EmitenNews.com - Harga emas naik mendekati USD4.600 per ons pada perdagangan hari Selasa (19/5) seiring meningkatnya harapan bahwa AS dan Iran mungkin akan kembali bernegosiasi, yang membantu meredakan beberapa kekhawatiran inflasi. Hal ini menandai sesi penguatan kedua berturut-turut, sekaligus memvalidasi area USD4.540 minggu lalu sebagai zona dukungan taktis yang solid.

Dipantau dari laman Dewan Emas Dunia (World Gold Council) harga emas pagi ini naik ke level USD4,569.88 per ons. Sedangkan di laman GoldPrices sebesar USD4.566,55, naik 0,78%.
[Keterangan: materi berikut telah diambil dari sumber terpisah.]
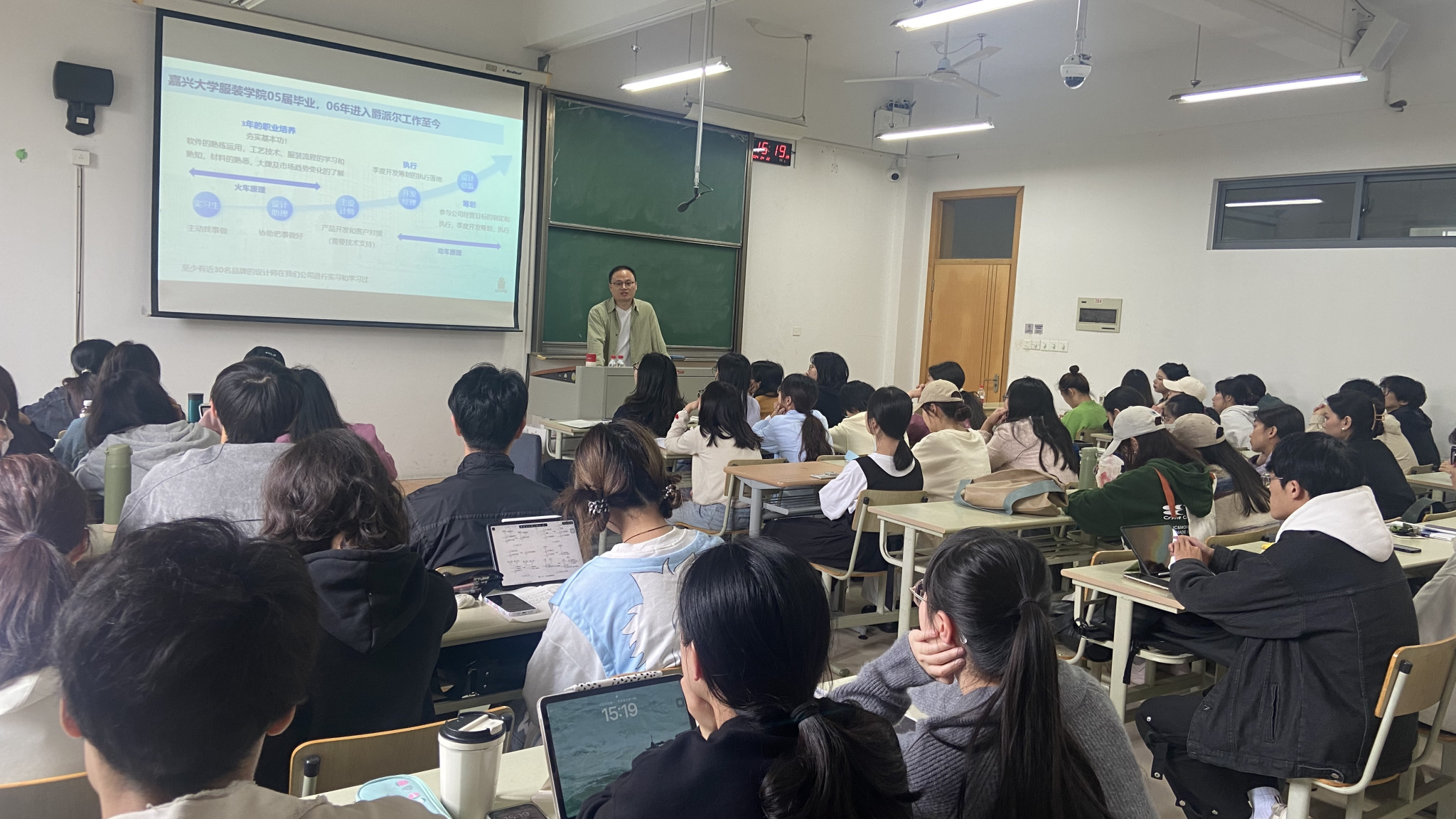 为增强大学生就业指导课程的教学实效性,让同学们更好的了解市场需求,进一步深化校企合作协同育人,4月22日,服装设计与工程专业的《大学生职业规划与就业指导2》课程邀请了浙江爵派尔服饰有限公司设计总监,同时也是学院2005届优秀校友杨卫勤,为同学们讲解了一堂生动的就业指导课。

Presiden Donald Trump mengatakan ia menangguhkan rencana serangan terhadap Iran yang dijadwalkan pada hari Selasa setelah adanya permohonan dari Arab Saudi, Qatar, dan UEA, dengan mengatakan bahwa negara-negara Teluk percaya kesepakatan dengan Teheran yang memuaskan Washington masih dapat dicapai.

Emas telah menghadapi tekanan sejak pecahnya konflik Timur Tengah, karena melonjaknya harga minyak memperparah kekhawatiran inflasi dan memperkuat ekspektasi kenaikan suku bunga bank sentral lebih lanjut.

Meningkatnya inflasi AS juga mendorong para pedagang untuk mengurangi ekspektasi pemotongan suku bunga Federal Reserve tahun ini, sementara meningkatkan spekulasi bahwa Fed bahkan dapat menaikkan suku bunga sebelum akhir tahun.

Investor sekarang menunggu risalah FOMC terbaru dan pembacaan PMI AS untuk sinyal lebih lanjut tentang prospek kebijakan moneter dan kondisi ekonomi.(*)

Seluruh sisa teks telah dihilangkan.